**YOUR ASSIGNMENT**
Each record must come back unchanged in your answer, stripped of its images.

--- DATA LISTING Enclosed Below ---

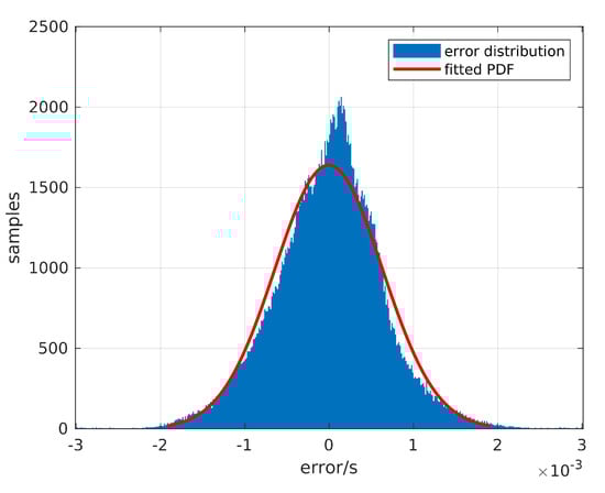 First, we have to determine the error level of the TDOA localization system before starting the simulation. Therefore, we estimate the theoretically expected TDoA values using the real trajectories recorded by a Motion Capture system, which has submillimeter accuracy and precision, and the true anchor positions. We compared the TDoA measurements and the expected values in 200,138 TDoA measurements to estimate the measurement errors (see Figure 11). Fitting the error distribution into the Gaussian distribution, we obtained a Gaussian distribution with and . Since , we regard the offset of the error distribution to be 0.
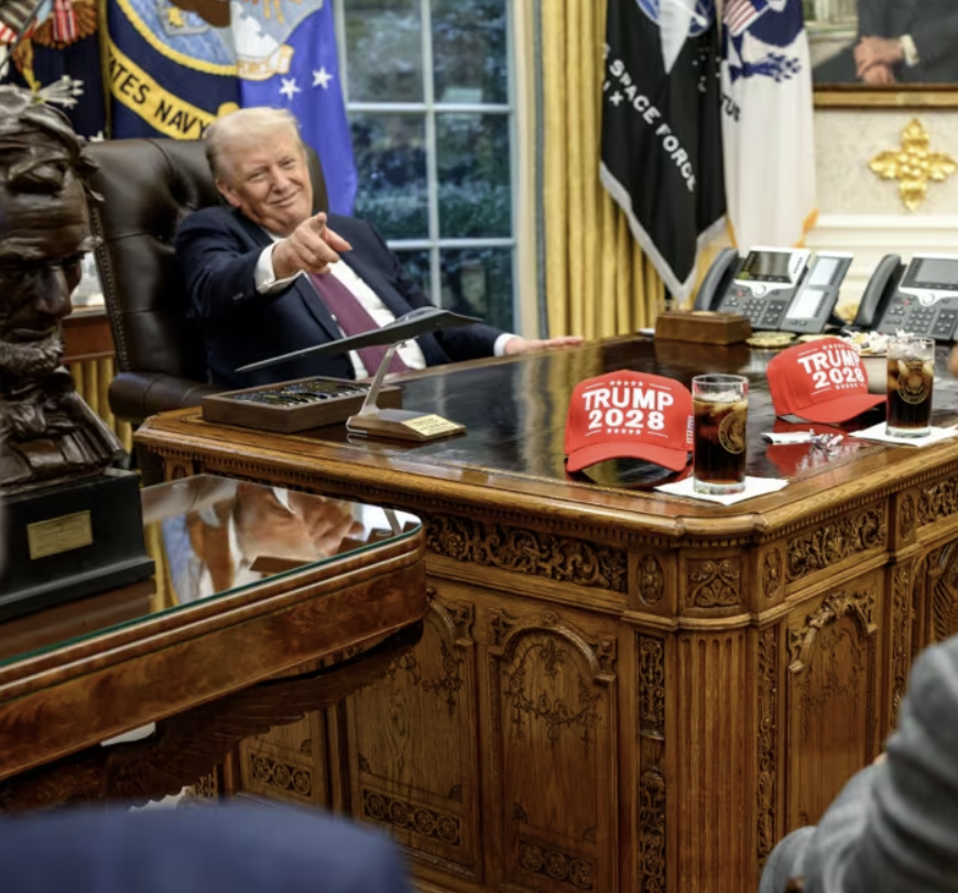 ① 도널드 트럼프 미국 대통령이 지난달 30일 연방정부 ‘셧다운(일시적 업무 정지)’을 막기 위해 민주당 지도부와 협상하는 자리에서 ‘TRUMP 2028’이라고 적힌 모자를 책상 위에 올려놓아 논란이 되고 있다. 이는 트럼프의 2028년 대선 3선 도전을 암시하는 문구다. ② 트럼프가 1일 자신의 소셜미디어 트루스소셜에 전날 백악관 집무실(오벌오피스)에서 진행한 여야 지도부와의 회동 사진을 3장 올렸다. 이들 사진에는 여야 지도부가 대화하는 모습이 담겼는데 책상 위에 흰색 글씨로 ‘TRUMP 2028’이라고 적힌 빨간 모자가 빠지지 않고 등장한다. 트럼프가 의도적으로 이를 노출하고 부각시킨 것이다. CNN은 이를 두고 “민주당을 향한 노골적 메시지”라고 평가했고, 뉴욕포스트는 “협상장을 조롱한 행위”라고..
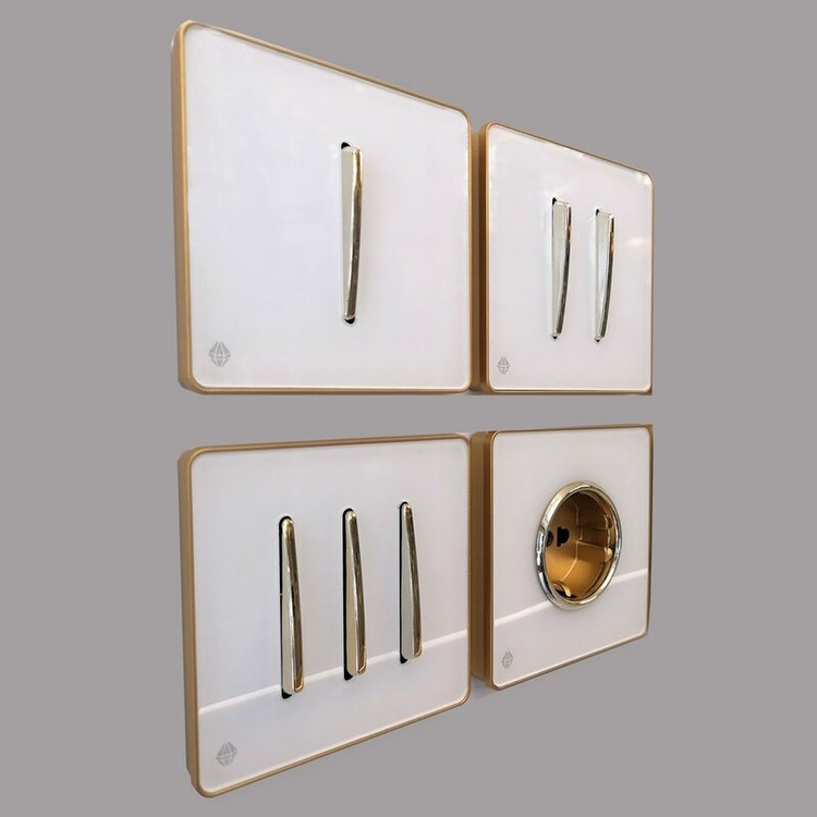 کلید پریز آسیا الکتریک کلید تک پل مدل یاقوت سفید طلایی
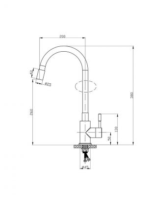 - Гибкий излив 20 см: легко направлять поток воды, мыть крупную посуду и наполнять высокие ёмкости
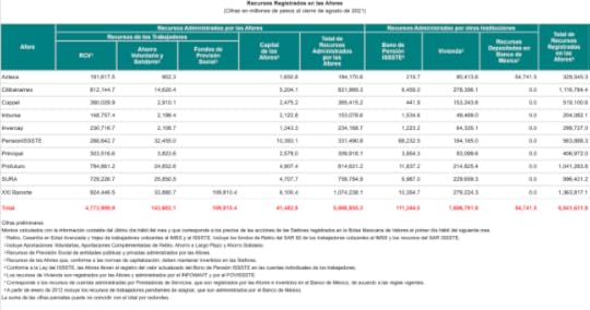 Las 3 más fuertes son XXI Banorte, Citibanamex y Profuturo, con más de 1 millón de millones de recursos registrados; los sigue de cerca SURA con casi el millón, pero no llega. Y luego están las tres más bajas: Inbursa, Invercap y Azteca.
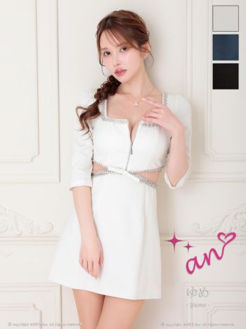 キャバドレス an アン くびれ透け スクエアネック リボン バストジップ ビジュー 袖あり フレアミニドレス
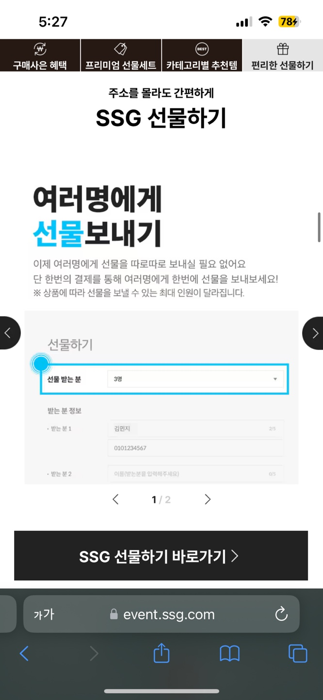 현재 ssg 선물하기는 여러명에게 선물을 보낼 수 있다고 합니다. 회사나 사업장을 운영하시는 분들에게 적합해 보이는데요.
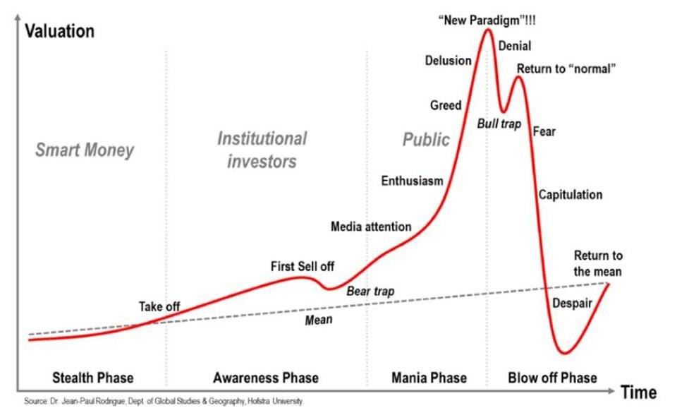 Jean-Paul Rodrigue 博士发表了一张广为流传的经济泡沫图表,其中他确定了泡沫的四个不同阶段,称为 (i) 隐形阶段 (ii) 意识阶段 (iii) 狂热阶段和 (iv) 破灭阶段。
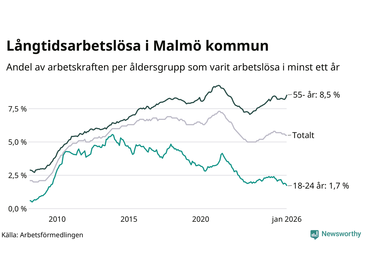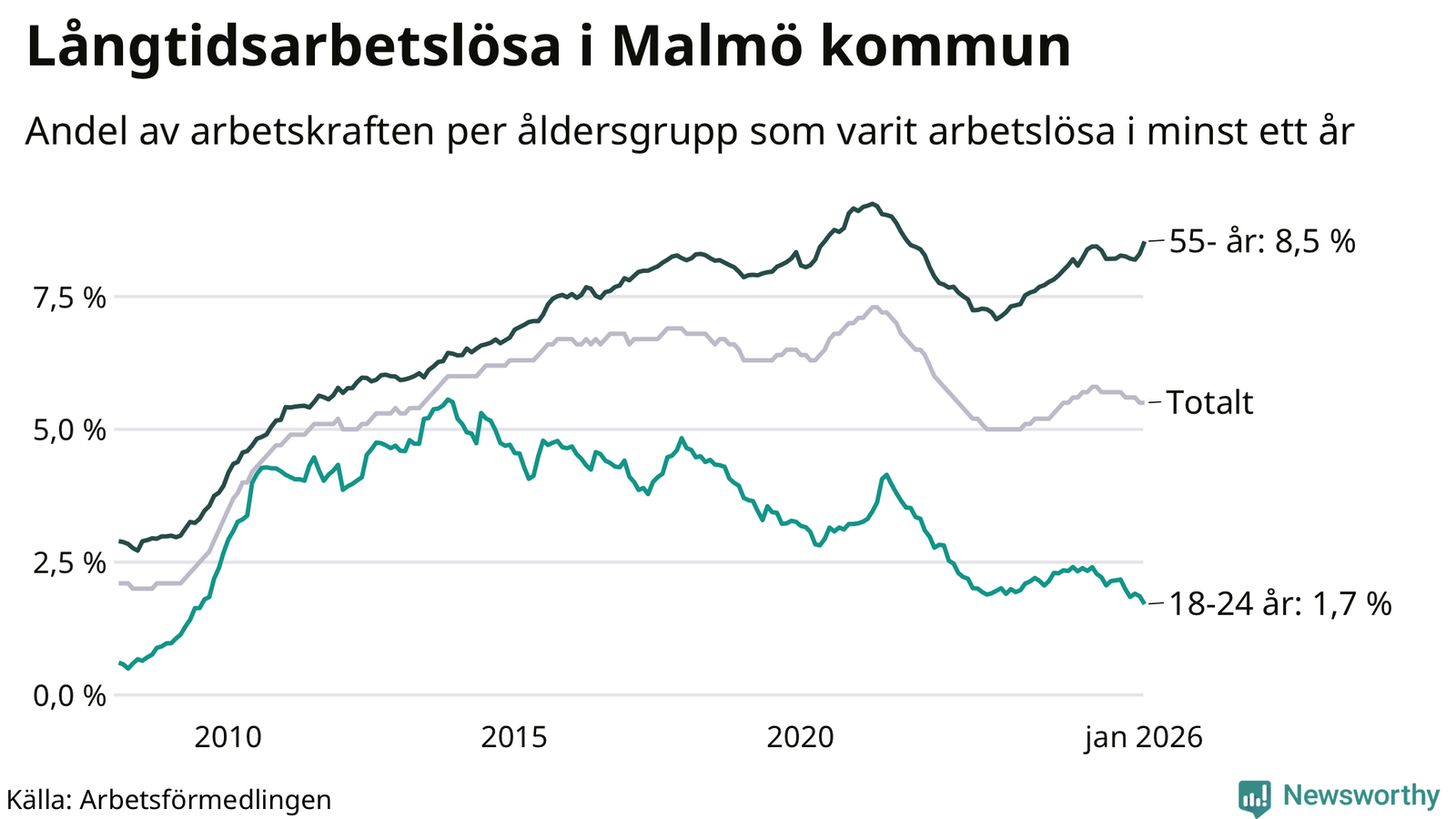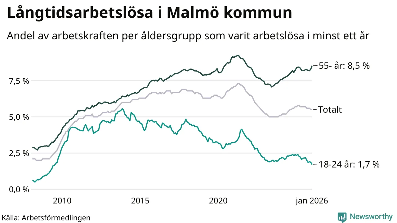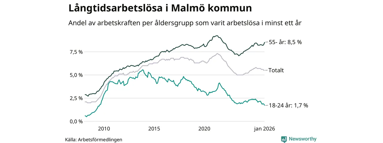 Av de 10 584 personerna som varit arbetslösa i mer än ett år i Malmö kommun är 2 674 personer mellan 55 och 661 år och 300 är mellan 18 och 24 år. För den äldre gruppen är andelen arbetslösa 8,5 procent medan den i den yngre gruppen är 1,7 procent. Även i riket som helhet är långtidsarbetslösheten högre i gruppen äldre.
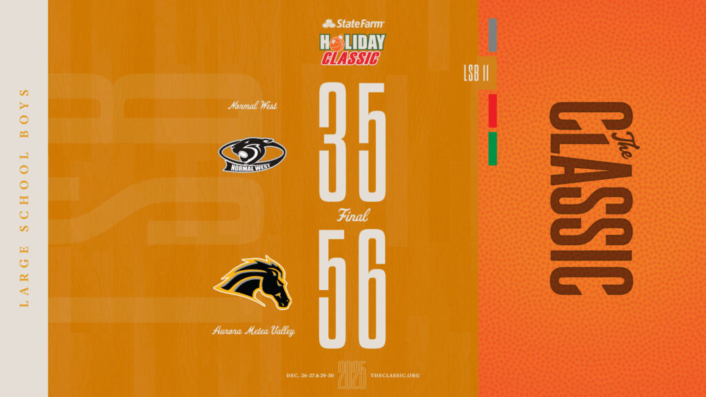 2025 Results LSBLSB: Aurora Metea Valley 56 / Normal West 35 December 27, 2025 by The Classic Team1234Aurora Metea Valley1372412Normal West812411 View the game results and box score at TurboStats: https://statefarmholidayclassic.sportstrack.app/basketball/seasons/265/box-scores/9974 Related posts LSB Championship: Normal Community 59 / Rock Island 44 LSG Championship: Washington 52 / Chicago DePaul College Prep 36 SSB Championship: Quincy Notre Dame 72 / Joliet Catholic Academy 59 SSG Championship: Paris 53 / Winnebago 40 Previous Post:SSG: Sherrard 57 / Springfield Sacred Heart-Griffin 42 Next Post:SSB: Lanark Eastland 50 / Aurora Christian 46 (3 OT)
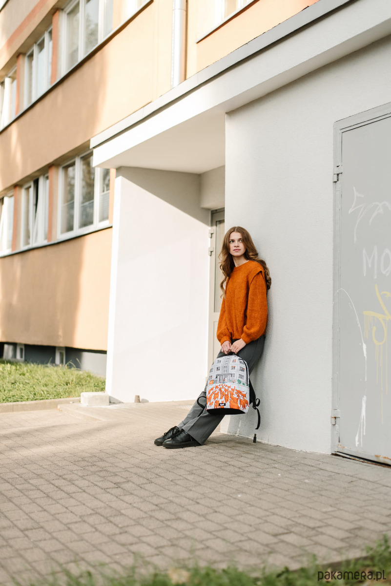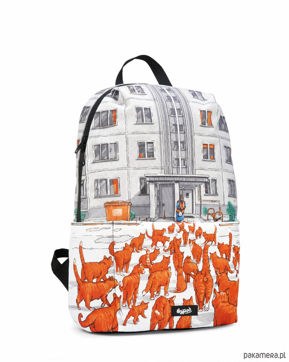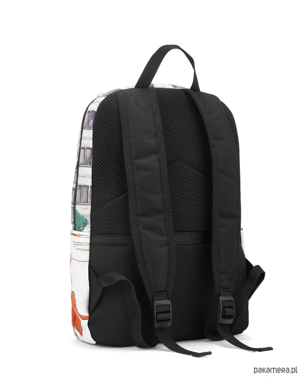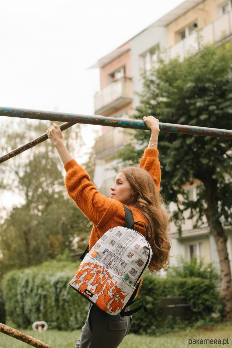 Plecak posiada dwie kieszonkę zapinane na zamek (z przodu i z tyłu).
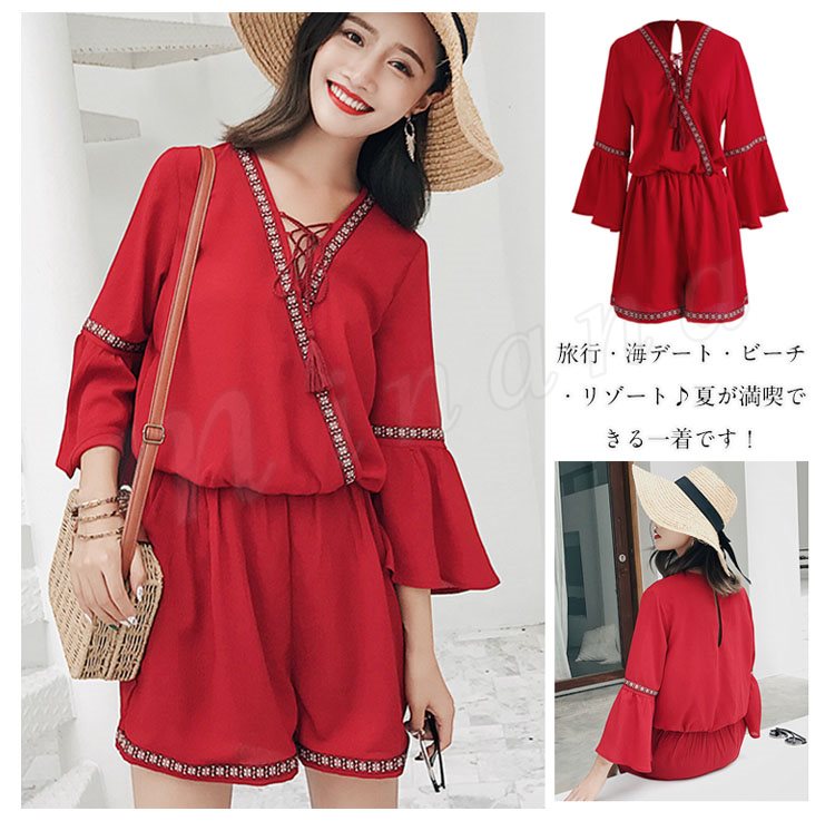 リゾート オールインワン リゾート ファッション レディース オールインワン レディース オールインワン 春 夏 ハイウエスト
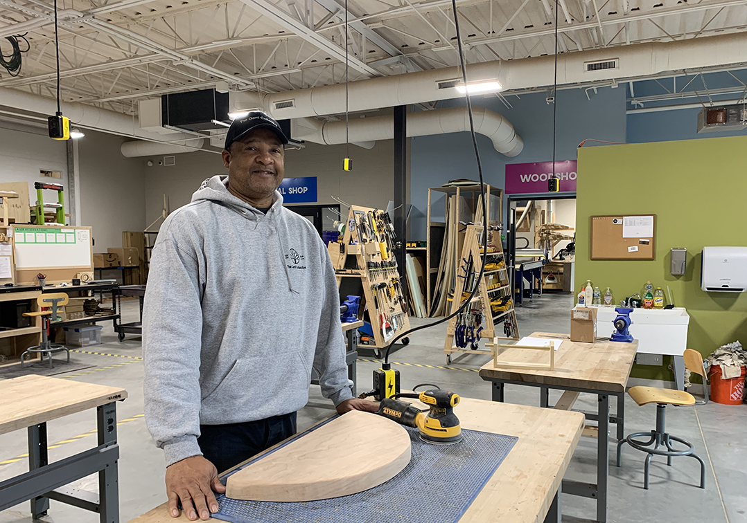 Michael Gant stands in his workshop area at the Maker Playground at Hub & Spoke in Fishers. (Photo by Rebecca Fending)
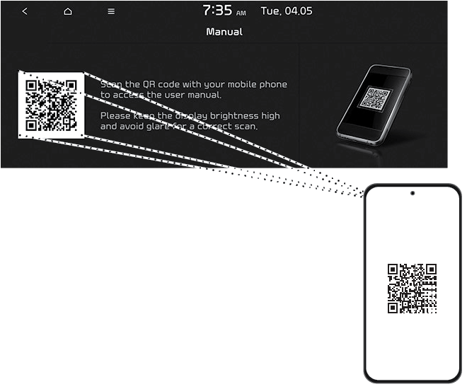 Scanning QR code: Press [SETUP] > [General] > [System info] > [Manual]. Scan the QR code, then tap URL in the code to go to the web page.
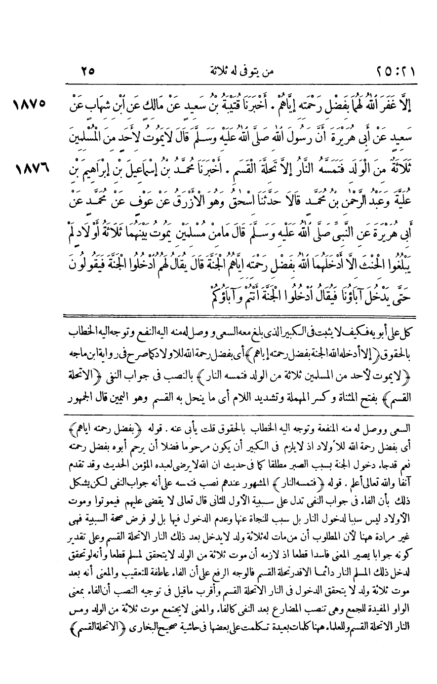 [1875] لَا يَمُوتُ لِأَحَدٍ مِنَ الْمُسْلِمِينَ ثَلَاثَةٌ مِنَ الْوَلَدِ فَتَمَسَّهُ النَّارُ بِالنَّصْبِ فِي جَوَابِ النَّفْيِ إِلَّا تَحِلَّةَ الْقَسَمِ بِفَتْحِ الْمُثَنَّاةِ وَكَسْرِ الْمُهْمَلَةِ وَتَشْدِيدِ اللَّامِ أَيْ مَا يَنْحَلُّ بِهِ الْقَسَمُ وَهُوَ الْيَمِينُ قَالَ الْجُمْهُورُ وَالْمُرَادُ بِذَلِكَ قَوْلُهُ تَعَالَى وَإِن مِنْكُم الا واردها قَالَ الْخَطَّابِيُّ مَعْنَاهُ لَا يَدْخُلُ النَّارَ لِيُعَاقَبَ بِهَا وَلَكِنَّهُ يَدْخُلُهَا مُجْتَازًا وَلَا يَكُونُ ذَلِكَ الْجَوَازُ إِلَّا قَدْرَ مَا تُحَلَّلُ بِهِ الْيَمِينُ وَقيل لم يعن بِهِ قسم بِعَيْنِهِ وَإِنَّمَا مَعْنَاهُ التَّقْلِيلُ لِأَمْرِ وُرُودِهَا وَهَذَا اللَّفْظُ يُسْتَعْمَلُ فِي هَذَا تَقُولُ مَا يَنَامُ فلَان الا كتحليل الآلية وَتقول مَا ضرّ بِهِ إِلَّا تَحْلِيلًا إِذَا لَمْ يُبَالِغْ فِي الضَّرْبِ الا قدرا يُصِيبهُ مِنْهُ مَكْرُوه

--- End of Enclosed DATA LISTING ---

**YOUR SOLUTION**
 First, we have to determine the error level of the TDOA localization system before starting the simulation. Therefore, we estimate the theoretically expected TDoA values using the real trajectories recorded by a Motion Capture system, which has submillimeter accuracy and precision, and the true anchor positions. We compared the TDoA measurements and the expected values in 200,138 TDoA measurements to estimate the measurement errors (see Figure 11). Fitting the error distribution into the Gaussian distribution, we obtained a Gaussian distribution with and . Since , we regard the offset of the error distribution to be 0.
 ① 도널드 트럼프 미국 대통령이 지난달 30일 연방정부 ‘셧다운(일시적 업무 정지)’을 막기 위해 민주당 지도부와 협상하는 자리에서 ‘TRUMP 2028’이라고 적힌 모자를 책상 위에 올려놓아 논란이 되고 있다. 이는 트럼프의 2028년 대선 3선 도전을 암시하는 문구다. ② 트럼프가 1일 자신의 소셜미디어 트루스소셜에 전날 백악관 집무실(오벌오피스)에서 진행한 여야 지도부와의 회동 사진을 3장 올렸다. 이들 사진에는 여야 지도부가 대화하는 모습이 담겼는데 책상 위에 흰색 글씨로 ‘TRUMP 2028’이라고 적힌 빨간 모자가 빠지지 않고 등장한다. 트럼프가 의도적으로 이를 노출하고 부각시킨 것이다. CNN은 이를 두고 “민주당을 향한 노골적 메시지”라고 평가했고, 뉴욕포스트는 “협상장을 조롱한 행위”라고..
 کلید پریز آسیا الکتریک کلید تک پل مدل یاقوت سفید طلایی
 - Гибкий излив 20 см: легко направлять поток воды, мыть крупную посуду и наполнять высокие ёмкости
 Las 3 más fuertes son XXI Banorte, Citibanamex y Profuturo, con más de 1 millón de millones de recursos registrados; los sigue de cerca SURA con casi el millón, pero no llega. Y luego están las tres más bajas: Inbursa, Invercap y Azteca.
 キャバドレス an アン くびれ透け スクエアネック リボン バストジップ ビジュー 袖あり フレアミニドレス
 현재 ssg 선물하기는 여러명에게 선물을 보낼 수 있다고 합니다. 회사나 사업장을 운영하시는 분들에게 적합해 보이는데요.
 Jean-Paul Rodrigue 博士发表了一张广为流传的经济泡沫图表,其中他确定了泡沫的四个不同阶段,称为 (i) 隐形阶段 (ii) 意识阶段 (iii) 狂热阶段和 (iv) 破灭阶段。
 Av de 10 584 personerna som varit arbetslösa i mer än ett år i Malmö kommun är 2 674 personer mellan 55 och 661 år och 300 är mellan 18 och 24 år. För den äldre gruppen är andelen arbetslösa 8,5 procent medan den i den yngre gruppen är 1,7 procent. Även i riket som helhet är långtidsarbetslösheten högre i gruppen äldre.
 2025 Results LSBLSB: Aurora Metea Valley 56 / Normal West 35 December 27, 2025 by The Classic Team1234Aurora Metea Valley1372412Normal West812411 View the game results and box score at TurboStats: https://statefarmholidayclassic.sportstrack.app/basketball/seasons/265/box-scores/9974 Related posts LSB Championship: Normal Community 59 / Rock Island 44 LSG Championship: Washington 52 / Chicago DePaul College Prep 36 SSB Championship: Quincy Notre Dame 72 / Joliet Catholic Academy 59 SSG Championship: Paris 53 / Winnebago 40 Previous Post:SSG: Sherrard 57 / Springfield Sacred Heart-Griffin 42 Next Post:SSB: Lanark Eastland 50 / Aurora Christian 46 (3 OT)
 Plecak posiada dwie kieszonkę zapinane na zamek (z przodu i z tyłu).
 リゾート オールインワン リゾート ファッション レディース オールインワン レディース オールインワン 春 夏 ハイウエスト
 Michael Gant stands in his workshop area at the Maker Playground at Hub & Spoke in Fishers. (Photo by Rebecca Fending)
 Scanning QR code: Press [SETUP] > [General] > [System info] > [Manual]. Scan the QR code, then tap URL in the code to go to the web page.
 [1875] لَا يَمُوتُ لِأَحَدٍ مِنَ الْمُسْلِمِينَ ثَلَاثَةٌ مِنَ الْوَلَدِ فَتَمَسَّهُ النَّارُ بِالنَّصْبِ فِي جَوَابِ النَّفْيِ إِلَّا تَحِلَّةَ الْقَسَمِ بِفَتْحِ الْمُثَنَّاةِ وَكَسْرِ الْمُهْمَلَةِ وَتَشْدِيدِ اللَّامِ أَيْ مَا يَنْحَلُّ بِهِ الْقَسَمُ وَهُوَ الْيَمِينُ قَالَ الْجُمْهُورُ وَالْمُرَادُ بِذَلِكَ قَوْلُهُ تَعَالَى وَإِن مِنْكُم الا واردها قَالَ الْخَطَّابِيُّ مَعْنَاهُ لَا يَدْخُلُ النَّارَ لِيُعَاقَبَ بِهَا وَلَكِنَّهُ يَدْخُلُهَا مُجْتَازًا وَلَا يَكُونُ ذَلِكَ الْجَوَازُ إِلَّا قَدْرَ مَا تُحَلَّلُ بِهِ الْيَمِينُ وَقيل لم يعن بِهِ قسم بِعَيْنِهِ وَإِنَّمَا مَعْنَاهُ التَّقْلِيلُ لِأَمْرِ وُرُودِهَا وَهَذَا اللَّفْظُ يُسْتَعْمَلُ فِي هَذَا تَقُولُ مَا يَنَامُ فلَان الا كتحليل الآلية وَتقول مَا ضرّ بِهِ إِلَّا تَحْلِيلًا إِذَا لَمْ يُبَالِغْ فِي الضَّرْبِ الا قدرا يُصِيبهُ مِنْهُ مَكْرُوه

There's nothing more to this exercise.